Post-Corona-Zeit bei der SVP Graubünden

Nachdem die SVP Graubünden ihre Versammlungen während der Coronazeit mittels Videokonferenzen durchführte, trafen sich die Delegierten am 24. Juni 2020 erstmals seit dem Ausbruch von Corona wieder gemeinsam vor Ort. Für die Zuhausegebliebenen wurde weiterhin ein Livestream angeboten. In der «coronakonform» eingerichteten Turnhalle in Tiefencastel fanden 70 Delegierte ein. Dabei wurde einstimmig die JA-Parole zur Begrenzungsinitiative gefasst. Im Weiteren wurde der Vaterschaftsurlaub abgelehnt und die Vorlage «Steuerliche Berücksichtigung der Kinderdrittbetreuungskosten» angenommen.

Nach einer kontradiktorischen Diskussion, in welcher die SVP Nationalrätin Magdalena Martullo-Blocher und CVP Nationalrat Martin Candinas zur Begrenzungsinitiative die Klingen kreuzten, sprachen sich die Delegierten einstimmig für eine Annahme der Begrenzungsinitiative aus. Im Hinblick auf die Abstimmung vom 27. September 2020 sagte Martullo-Blocher: «Die Probleme, welche die unkontrollierte Einwanderung mit sich bringt, spitzen sich erst in der Krise wirklich zu und das ist jetzt der Fall.»

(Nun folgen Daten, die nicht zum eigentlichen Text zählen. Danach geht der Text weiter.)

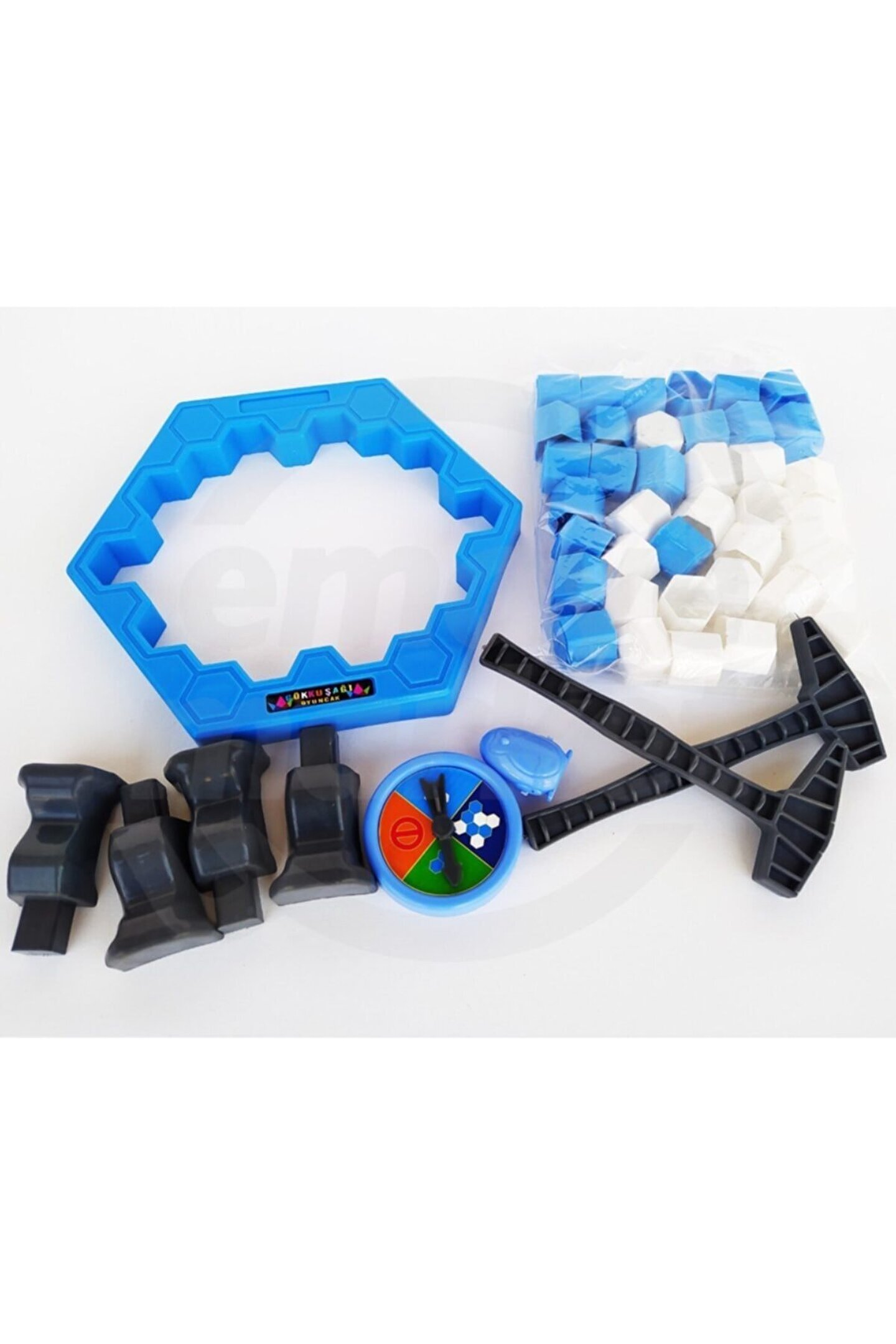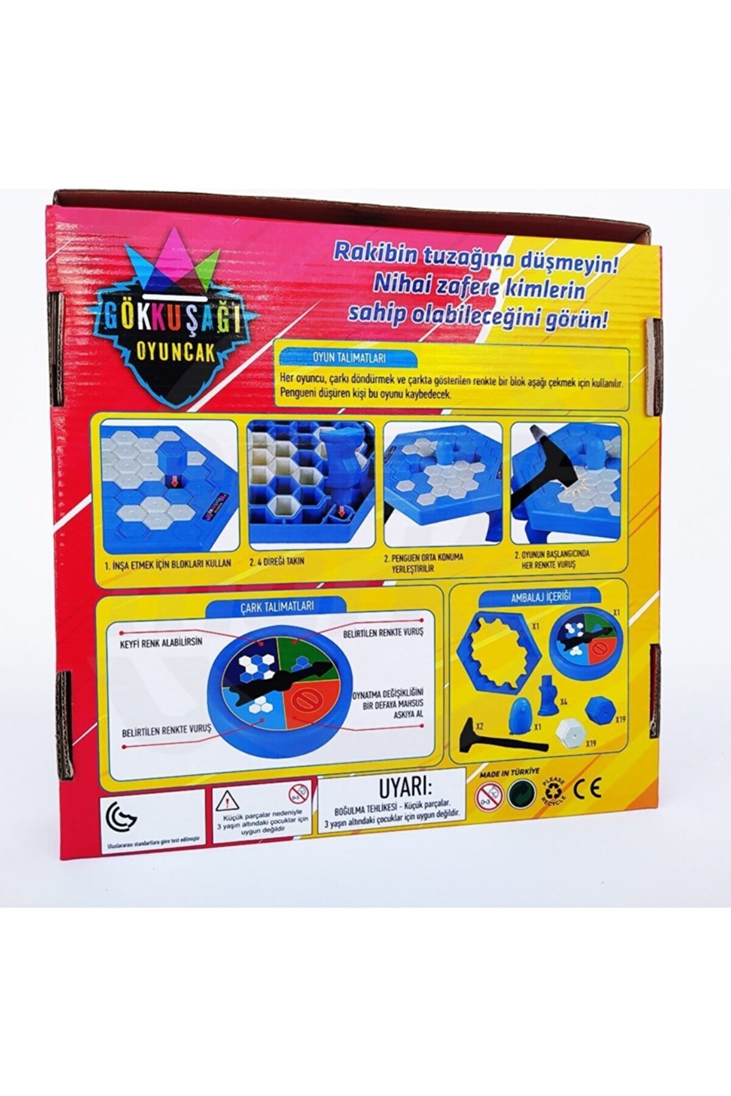 Gökkuşağı buz tuzağı buz kırma zeka strateji oyunu Buz tuzağı buz kırma oyunu (akıl,zeka,straji oyunu El ve göz koordinasyonu artırır. ; Görsel algı kabiliyetini geliştirir. ; 3+ yaş grubu için uygundur. ; Nasıl oynanır ? Oyun 2 kişi ile oynanmaktadır. ; Taraflar sırasıyla oyun pusulasını çevirerek verilen talimatlar doğrutulsunda mavi ya da beyaz renkteki buzlara vurarak oynar. ; Amaç ortadaki pengueni düşürmektir. ; Rakibi zora sokacak doğru hamleyi düşündüren bir strateji geliştirmek gerekmektedir. ; Buzlar azaldıkça penguen tehlikeye girer ve oyun zorlaşır. ; Ailecek oynabilecek bir oyundur. ; Evde aile arasında turnavalar yapılabilecek eğlenceli ve güzel bir oyundur .;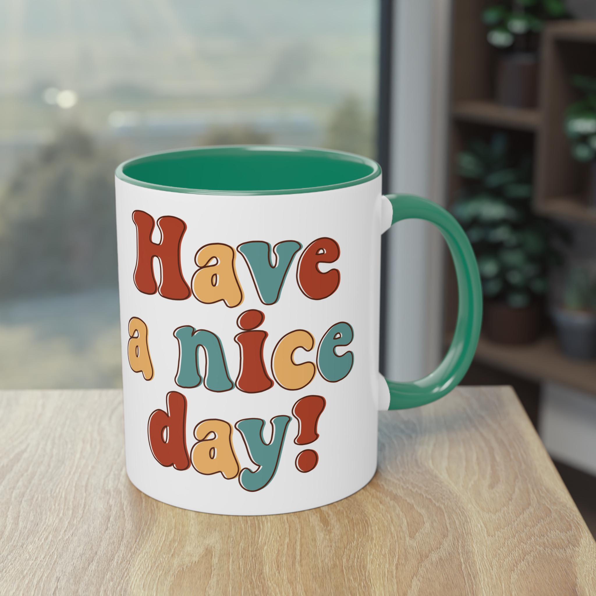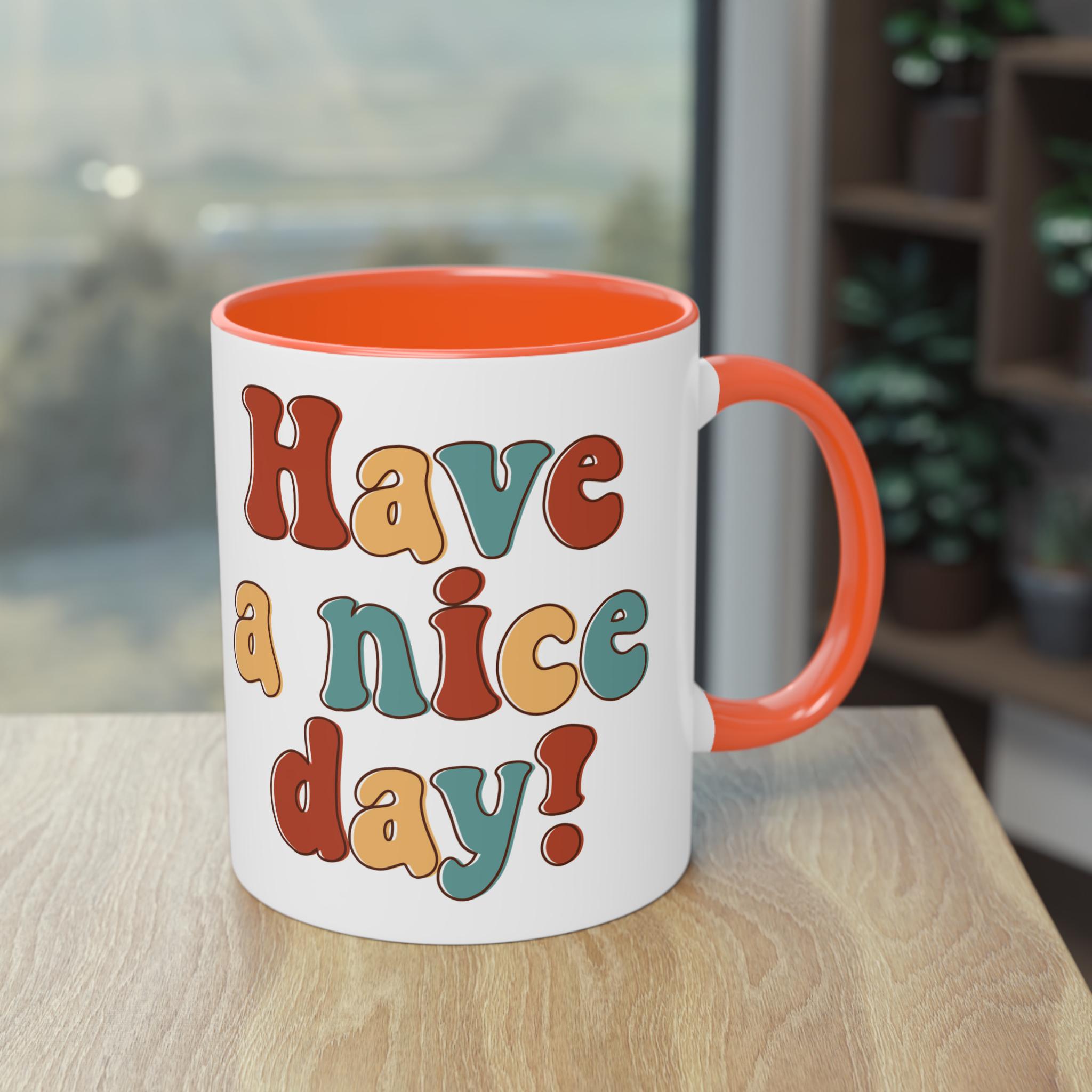 Two-tone coffee mug with funny saying Have a Nice Day!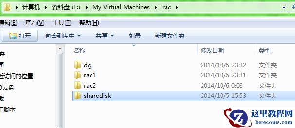 安装linux的环境,我就不介绍了,这一部分如果不会的童鞋就去百度吧,一百度一大堆,如果还是不会的话就直接下载我已经安装好的系统吧,下载下来直接可用(http://yunpan.cn/cgkEsf8wpHC2G (提取码:90f5)),复制3份,直接命名为rac1、rac2和dg即可,如图: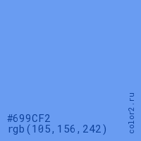 Цвет #699CF2 в цветовой модели RGB обозначается тремя октетами (105, 156, 242) в десятичном формате и #699CF2 в шестнадцатиричном (hex) формате, которые являются интенсивностью красного 105 (hex 69), интенсивность зелёного 156 (hex 9C) и интенсивность синего 242 (hex F2).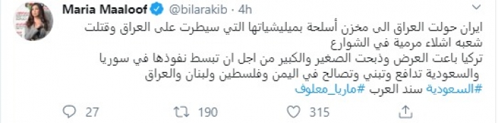 وكتبت في تغريدة عبر "تويتر" رصدها "المشهد العربي": "إيران حولت العراق إلى مخزن أسلحة بميليشياتها التي سيطرت على العراق وقتلت شعبه أشلاء مرمية في الشوارع، تركيا باعت العرض وذبحت الصغير والكبير من أجل أن تبسط نفوذها في سوريا والسعودية تدافع وتبني وتصالح في اليمن وفلسطين ولبنان والعراق السعودية سند العرب".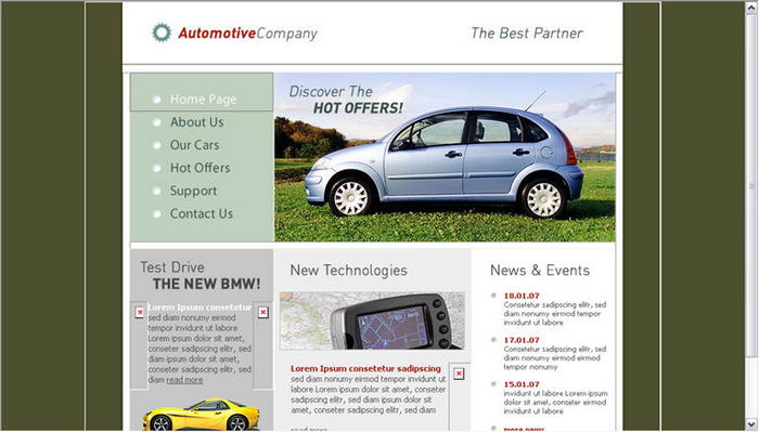 Motor Company web page templates
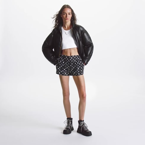 Estos pantalones cortos de estilo informal y deportivo lucen el estampado distintivo LV de la temporada. Confeccionados en tejido técnico, presentan un motivo Monogram con efecto estarcido. Incluyen una cintura elástica, cierre de mosquetón y dos bolsillos con cremallera en los laterales.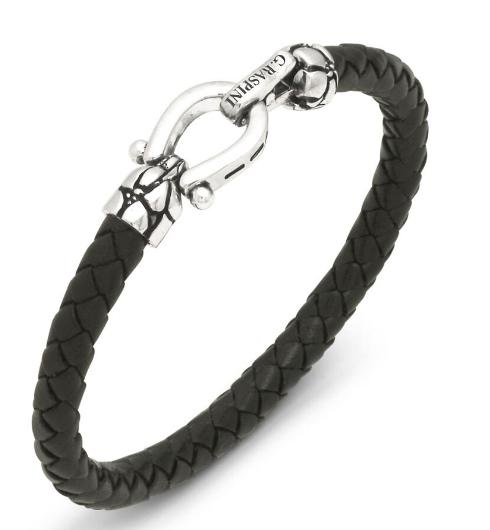 Un bracciale in pelle nera intrecciata che esprime con forza e raffinatezza l’anima maschile del brand. La texture materica, intensa ed elegante, dialoga con la chiusura in argento, elemento funzionale e distintivo al tempo stesso. I due cappucci decorativi, impreziositi dalla texture croco e realizzati anch’essi in argento, completano il design con un segno deciso e sofisticato. Un gioiello dal carattere autentico, interamente realizzato a mano in azienda.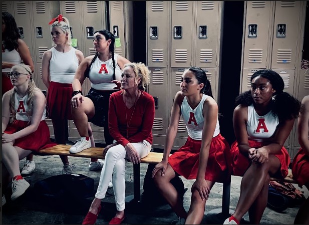 I had the title and the idea for the container for the film immediately: Give Me An A. The cheerleaders’ theme came with so many inherent stereotypes, assumptions, and references but also power, evolution, and strength. It carried so much of what I wanted this film to say without having to do anything. I thought about being in the locker room getting ready for practice. How sexualized a locker room of girls can be. But how when you’re that girl in that locker room it’s just another normal part of your day.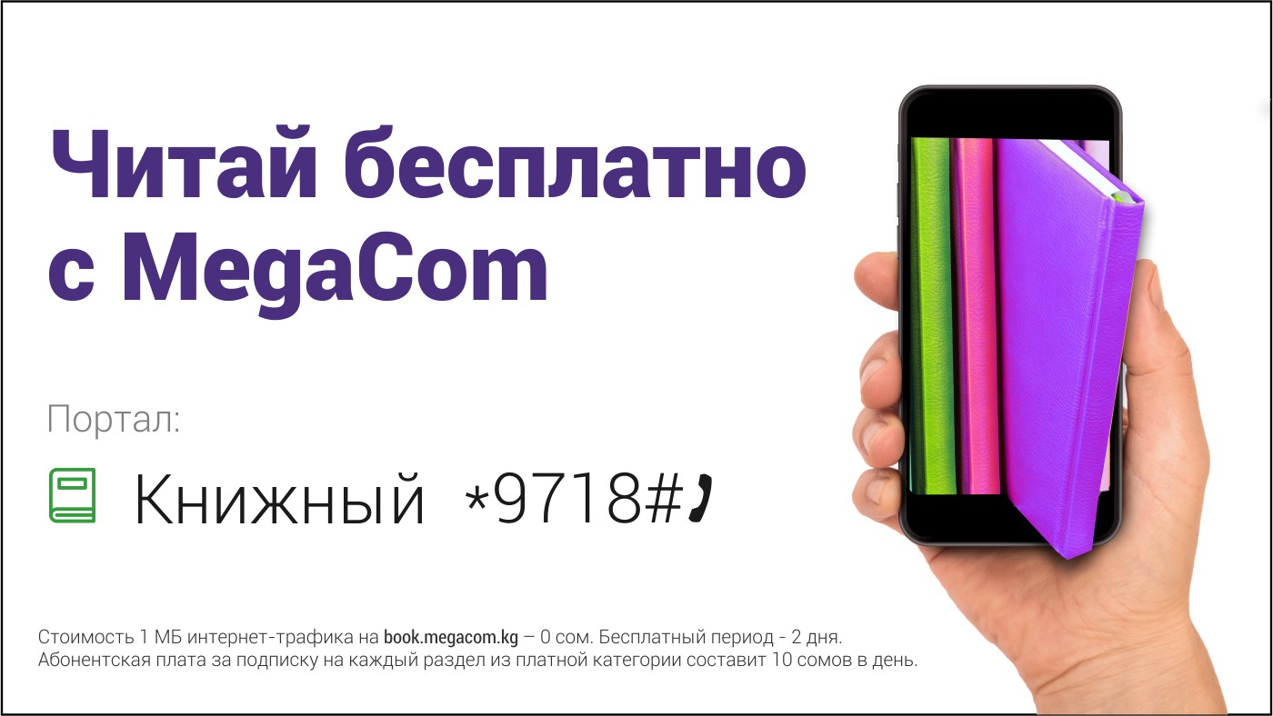 Оформите подписку на book.megacom.kg, набрав команду *9718#, и выбирайте любые интересующие вас книги из обширного каталога. Интернет-трафик в сети MegaСom при пользовании порталом совершенно бесплатный, оплачивается только подписка на платные разделы в размере 10 сомов в день (в том числе НДС и НсП).

Mit der Ja-Parole sprechen sich die Delegierten gegen eine 10-Millionen-Schweiz aus. Mit der Personenfreizügigkeit haben 2007 über 500 Millionen Menschen aus der EU freien Zugang zur Schweiz erhalten. Dies führte dazu, dass in den letzten 13 Jahren bereits eine Million Menschen zusätzlich ins Land gekommen sind. Nur jede fünfte Person, die einwandert, übt tatsächlich einen Beruf aus, in welchem es nicht auch Schweizer Arbeitnehmende gäbe. Dadurch werden die Schweizer Arbeitnehmenden verdrängt und der Druck auf die Löhne nimmt zu.

Nachdem Grossrätin Valérie Favre Accola die Vorlage zum Thema Vaterschaftsurlaub und den dazugehörenden Gegenvorschlag vorstellte, folgten die Delegierten ihrem Antrag und lehnten das Volksbegehren ab. Angesichts der finanziellen Notsituation, welche durch die Coronakrise entstand, ist nun von weiteren Mehrbelastungen und Umverteilung abzusehen. Eine Annahme der Vorlage hätte zur Folge, dass direkte Kosten von 230 Millionen Franken wie weitere indirekte Kosten durch zum Beispiel Stellvertretungen von bis zu 900 Millionen zulasten von Arbeitnehmern und Arbeitgebern entstehen würden.

Im Weiteren folgten die Delegierten dem Antrag von Valérie Favre Accola und stimmten der Vorlage «Steuerliche Berücksichtigung der Kinderdrittbetreuungskosten» zu. Dadurch werden insbesondere Familien und der Mittelstand finanziell entlastet.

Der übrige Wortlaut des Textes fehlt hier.